TribunMedan/
Home »

Video

Video

NEWSVIDEO: Lancarkan Arus Lalin, Kasat Lantas Berharap Ini Kepada Pemborong Galian Parit

“Kita bangga dan senang dengan adanya pembangunan supaya tidak ada banjir di kota kita. Namun demikian kita juga imbau pada dinas yang.."

Laporan Wartawan Tribun Medan / M Andimaz Kahfi

TRIBUN-MEDAN.com, MEDAN - Pengerjaan proyek rehabilitasi trotoar dan pembetonan trotoar di seputaran Lapangan Merdeka Medan dan Merdeka Walk berdampak pada penyempitan ruas jalan sehingga berpotensi terciptanya kemacatan arus lalu lintas.

Pantauan Tribun-medan.com, sejumlah pekerja sedang menggali parit besar dan menempatkan tanah-tanah galian di sepanjang pinggiran jalan raya persis di seputaran Lapangan Merdeka depan Stasiun Besar Kereta Api Medan.

Keberadaan sisa tanah galian yang berada dipinggir jalan tersebut, acap kali membuat arus lalu lintas menjadi terganggu dan berpotensi menimbulkan kemacatan arus lalu lintas.

Baca: Miris, Ibu dan Anak Angkat Nyabu Sebelum Pesta S3ks

Untuk mencegah agar tidak terjadi kemacatan arus lalu lintas tersebut, Kasat Lantas Polrestabes Medan, AKBP Indra Warman dan sejumlah personil lainnya sibuk mengatur arus lalu lintas.

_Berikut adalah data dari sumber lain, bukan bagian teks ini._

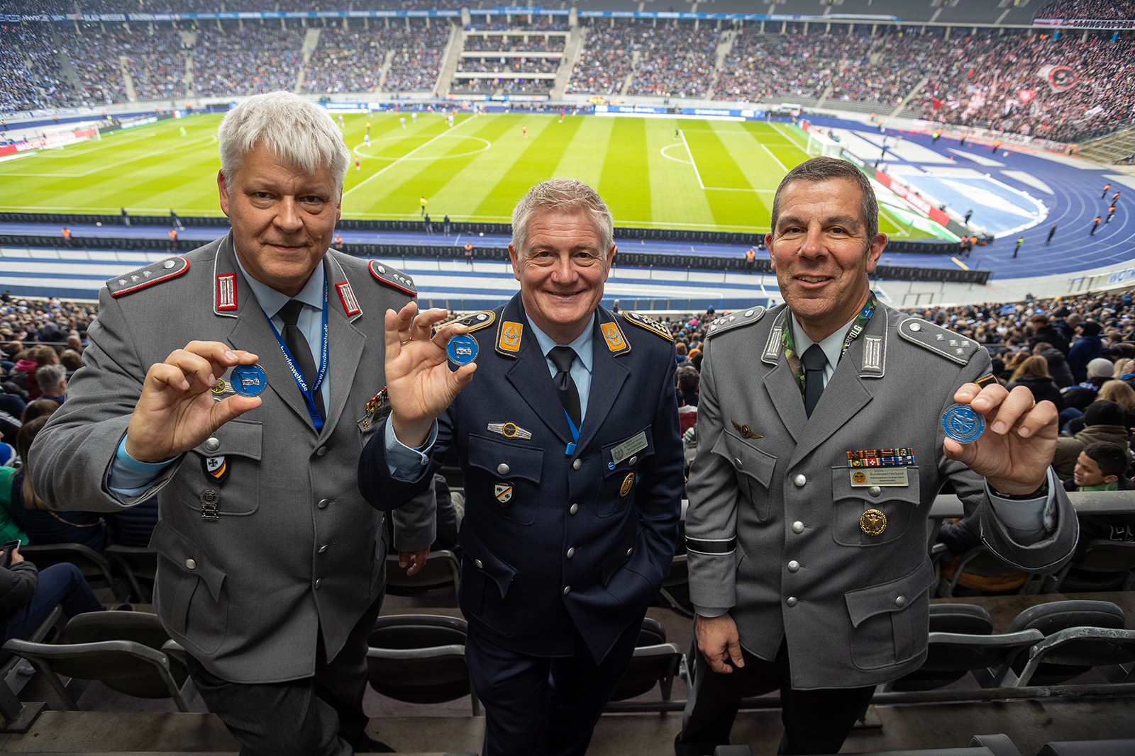 Hertha BSC Berlin und die Bundeswehr – das passt wunderbar zusammen. Deutlich wurde dies erneut am 31. Spieltag der Fußball-Bundesliga: Zum Heimspiel gegen den VfB Stuttgart waren aktive wie ehemalige Soldatinnen und Soldaten sowie Zivilbeschäftigte der Bundeswehr eingeladen.

“Kita bangga dan senang dengan adanya pembangunan supaya tidak ada banjir di kota kita. Namun demikian kita juga imbau pada dinas yang berkepentingan maupun terkait, agar mengangkat segera material yang berada dipinggir jalan karena menghambat arus lalu lintas,“ kata Indra, Selasa (12/9/2017).

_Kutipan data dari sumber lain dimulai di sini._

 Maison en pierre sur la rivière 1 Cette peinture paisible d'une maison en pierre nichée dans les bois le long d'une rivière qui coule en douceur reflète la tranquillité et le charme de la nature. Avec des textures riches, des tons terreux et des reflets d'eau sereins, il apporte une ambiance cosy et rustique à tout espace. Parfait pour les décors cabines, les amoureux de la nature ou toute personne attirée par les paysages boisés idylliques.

"Akibat adanya galian parit ini, menghambat arus lalu lintas dan menyebabkan terjadinya penyempitan jalan. Apalagi didepan galian ini ada Stasiun Kereta Api tempat posisi yang sentral di Kota Medan," tambahnya.

Indra menuturkan seharusnya pemborong proyek secepatnya membuang tanah timbun agar tidak berserak atau melebar ke badan jalan, apalagi di musim hujan seperti sekarang ini.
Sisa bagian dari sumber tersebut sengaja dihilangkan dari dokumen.